Proximal Policy Optimization (PPO)

Posted Jul 10, 2024

12 min read

최근 가장 많이 사용되는 policy-based RL 알고리즘으로는 proximal policy optimization (PPO)이 있다. PPO는 trust region policy optimization (TRPO) 알고리즘으로부터 유도되었기에 PPO를 설명하기 전 우선 TRPO에 대해서 설명한다.

Trust Region Policy Optimization (TRPO)

Line Search vs.
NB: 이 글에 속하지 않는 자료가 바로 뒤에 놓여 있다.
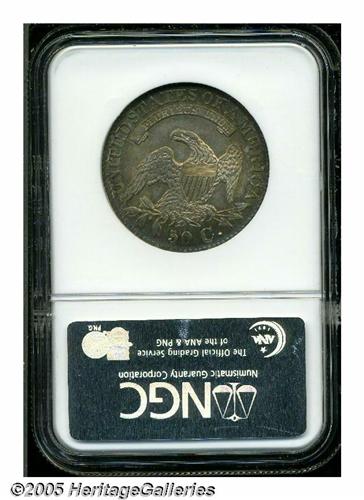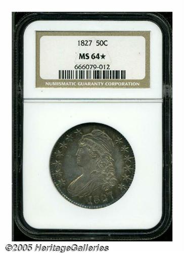 <B>1827<50C> Square Base 2 MS64 <S NGC.</B></I> O-142, R.3. Beautiful electric-blue, orange-gold, and lime-green colors endow this crisply struck representative. There are no detrimental abrasions, and the eye appeal from the lovely patina is undeniable. 1827 Half Dollars present a formidable challenge to the specialist, as there are 49 varieties and three of these (O-137, O-148, and O-149) are very rare.
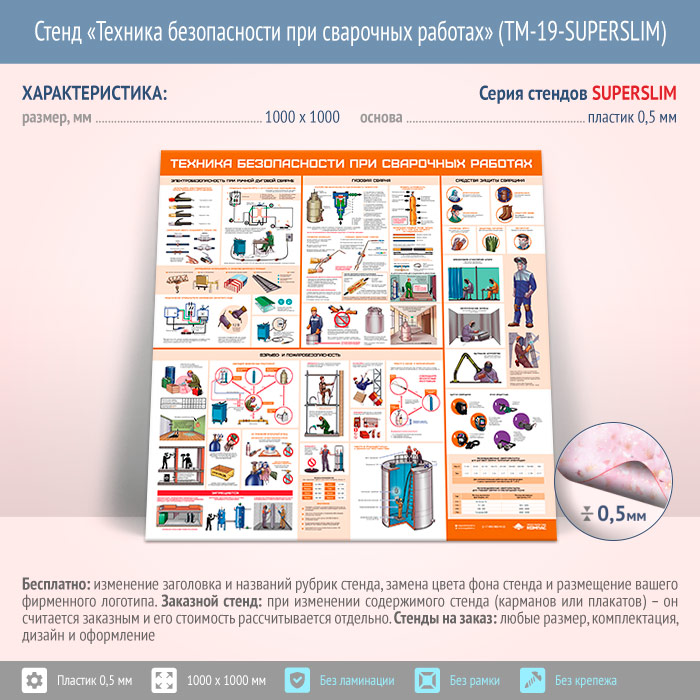 Стенд «Техника безопасности при сварочных работах» (TM-19-SUPERSLIM) в Старом Осколе купить

Trust Region

만약 우리가 산 정상을 향해 올라가는 길을 탐색한다고 하자.

Line search는 (가장) 가파른 방향을 선택하고 정해진 간격만큼 그 방향으로 이동하는 것이다. 우리가 주로 사용하는 gradient descent가 이에 해당한다. 만약 이동 간격이 너무 작다면, 정상에 도달하는데 너무 오랜 시간이 소요될 것이고, 간격이 너무 크다면 절벽으로 떨어질 수 있다.

Trust region을 이용한 방법은 우선 우리가 탐색할만큼의 이동 간격을 설정하고, 해당 구간 (아래 그림에서 노란 원)에서 새로운 optimal point를 찾아 그 공간으로 이동하는 것이다. 이 과정을 반벅하면 보다 안정적으로 정상에 도달할 수 있다. 하지만, trust region 방법은 line search에 비해 높은 계산량을 요구한다는 단점이 있다.

Problem Definition of TRPO

TRPO는 기본적으로 policy update 과정에서 trust region 방식을 사용한다. 이 때, 이동 간격이 너무 커지지 않도록 constraint를 설정한다. 이 constraint는 old policy와 new policy의 분포가 너무 달라지지 않도록하는 역할을 하며, 이를 위해 KL-divergence를 통해 제약을 설정한다.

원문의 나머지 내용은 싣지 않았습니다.